→ THE RECORDS

*** Begin section ***

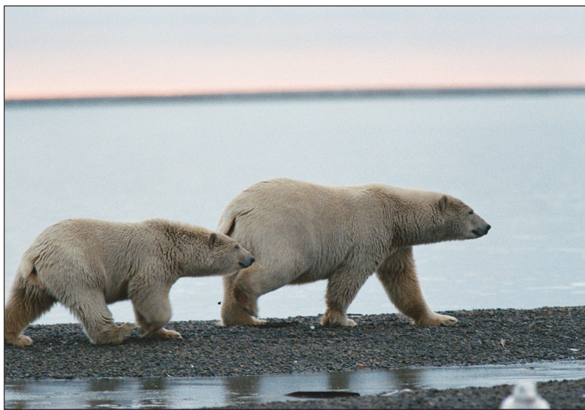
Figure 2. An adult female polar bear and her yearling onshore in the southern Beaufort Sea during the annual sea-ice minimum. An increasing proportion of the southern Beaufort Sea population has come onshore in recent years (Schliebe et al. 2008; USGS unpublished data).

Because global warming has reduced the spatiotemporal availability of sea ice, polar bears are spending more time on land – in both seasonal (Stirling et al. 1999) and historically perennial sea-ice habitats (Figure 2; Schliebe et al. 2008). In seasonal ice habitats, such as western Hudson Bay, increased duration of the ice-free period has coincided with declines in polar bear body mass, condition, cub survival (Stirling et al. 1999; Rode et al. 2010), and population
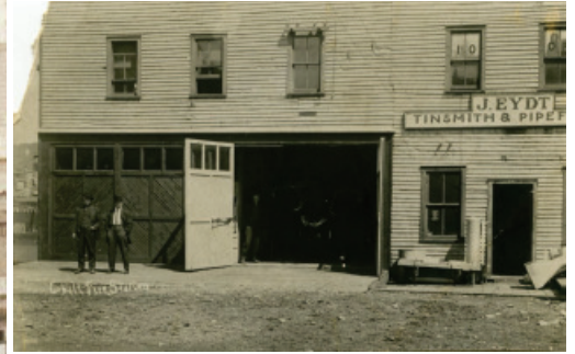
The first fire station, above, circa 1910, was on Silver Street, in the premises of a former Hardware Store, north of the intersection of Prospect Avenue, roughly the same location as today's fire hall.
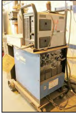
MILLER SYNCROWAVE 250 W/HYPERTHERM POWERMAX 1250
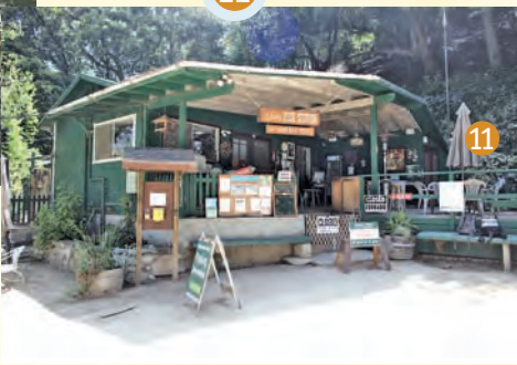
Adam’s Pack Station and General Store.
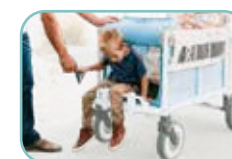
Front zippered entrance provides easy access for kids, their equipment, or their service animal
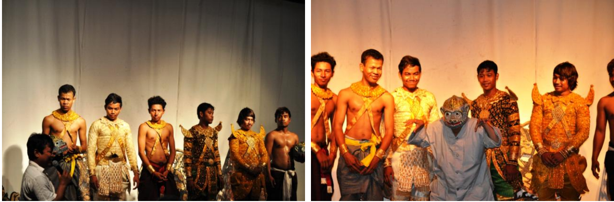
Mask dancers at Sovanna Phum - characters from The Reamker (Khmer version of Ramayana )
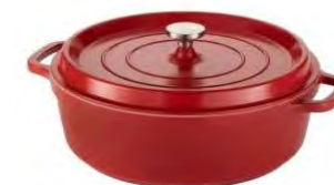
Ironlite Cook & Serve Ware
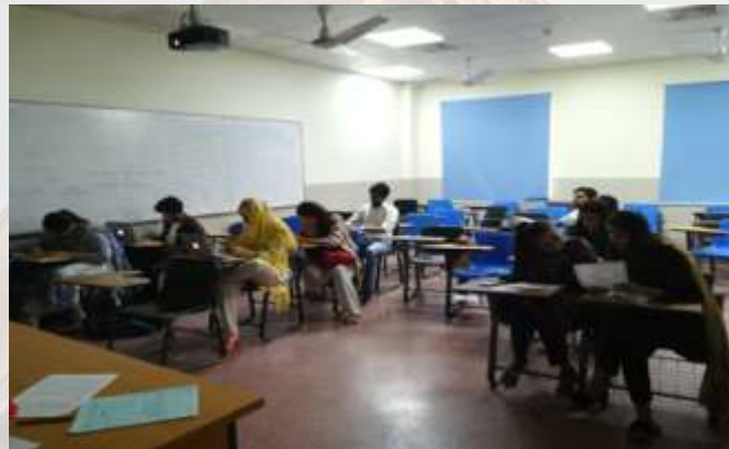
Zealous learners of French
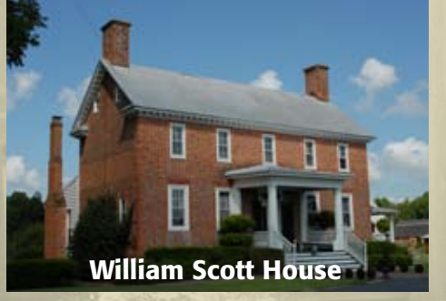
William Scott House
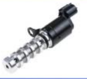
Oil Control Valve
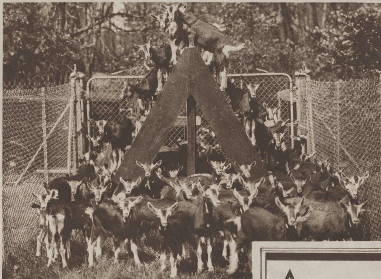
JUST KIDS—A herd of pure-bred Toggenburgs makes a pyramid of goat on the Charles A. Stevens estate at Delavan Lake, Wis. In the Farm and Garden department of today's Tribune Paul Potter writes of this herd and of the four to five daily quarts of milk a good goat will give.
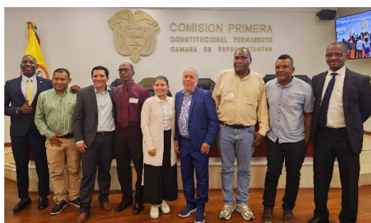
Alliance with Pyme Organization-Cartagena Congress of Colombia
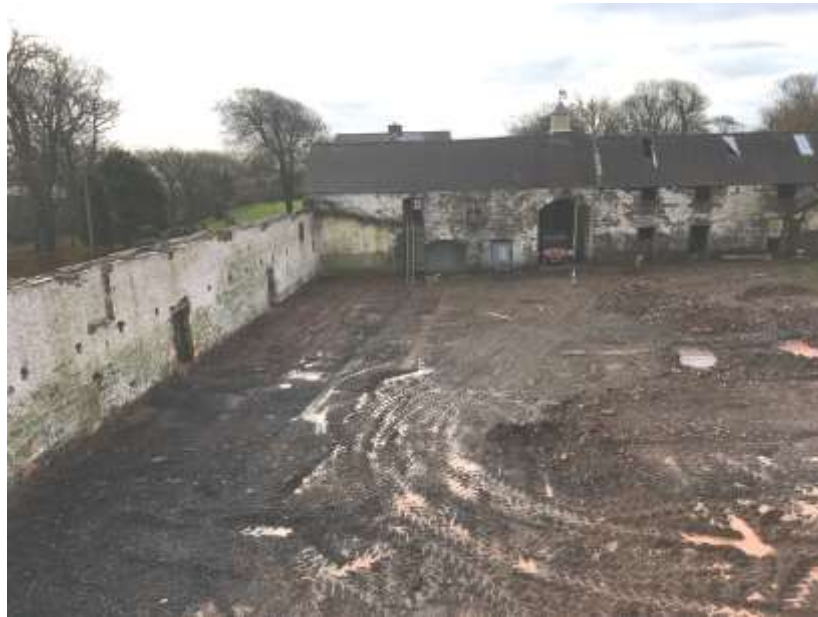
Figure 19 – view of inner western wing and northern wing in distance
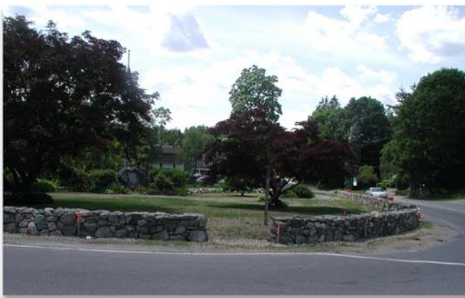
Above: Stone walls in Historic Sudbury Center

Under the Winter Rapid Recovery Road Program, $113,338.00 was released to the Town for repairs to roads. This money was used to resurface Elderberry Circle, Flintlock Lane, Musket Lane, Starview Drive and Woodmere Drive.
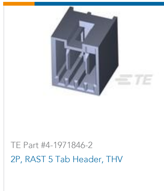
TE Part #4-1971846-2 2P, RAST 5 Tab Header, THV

*** End section ***

→ WHAT THE TASK REQUIRES
No pictures belong in the copy; output every record exactly.

→ RESPONSE FOR THIS EXERCISE
Figure 2. An adult female polar bear and her yearling onshore in the southern Beaufort Sea during the annual sea-ice minimum. An increasing proportion of the southern Beaufort Sea population has come onshore in recent years (Schliebe et al. 2008; USGS unpublished data).

Because global warming has reduced the spatiotemporal availability of sea ice, polar bears are spending more time on land – in both seasonal (Stirling et al. 1999) and historically perennial sea-ice habitats (Figure 2; Schliebe et al. 2008). In seasonal ice habitats, such as western Hudson Bay, increased duration of the ice-free period has coincided with declines in polar bear body mass, condition, cub survival (Stirling et al. 1999; Rode et al. 2010), and population
The first fire station, above, circa 1910, was on Silver Street, in the premises of a former Hardware Store, north of the intersection of Prospect Avenue, roughly the same location as today's fire hall.
MILLER SYNCROWAVE 250 W/HYPERTHERM POWERMAX 1250
Adam’s Pack Station and General Store.
Front zippered entrance provides easy access for kids, their equipment, or their service animal
Mask dancers at Sovanna Phum - characters from The Reamker (Khmer version of Ramayana )
Ironlite Cook & Serve Ware
Zealous learners of French
William Scott House
Oil Control Valve
JUST KIDS—A herd of pure-bred Toggenburgs makes a pyramid of goat on the Charles A. Stevens estate at Delavan Lake, Wis. In the Farm and Garden department of today's Tribune Paul Potter writes of this herd and of the four to five daily quarts of milk a good goat will give.
Alliance with Pyme Organization-Cartagena Congress of Colombia
Figure 19 – view of inner western wing and northern wing in distance
Above: Stone walls in Historic Sudbury Center

Under the Winter Rapid Recovery Road Program, $113,338.00 was released to the Town for repairs to roads. This money was used to resurface Elderberry Circle, Flintlock Lane, Musket Lane, Starview Drive and Woodmere Drive.
TE Part #4-1971846-2 2P, RAST 5 Tab Header, THV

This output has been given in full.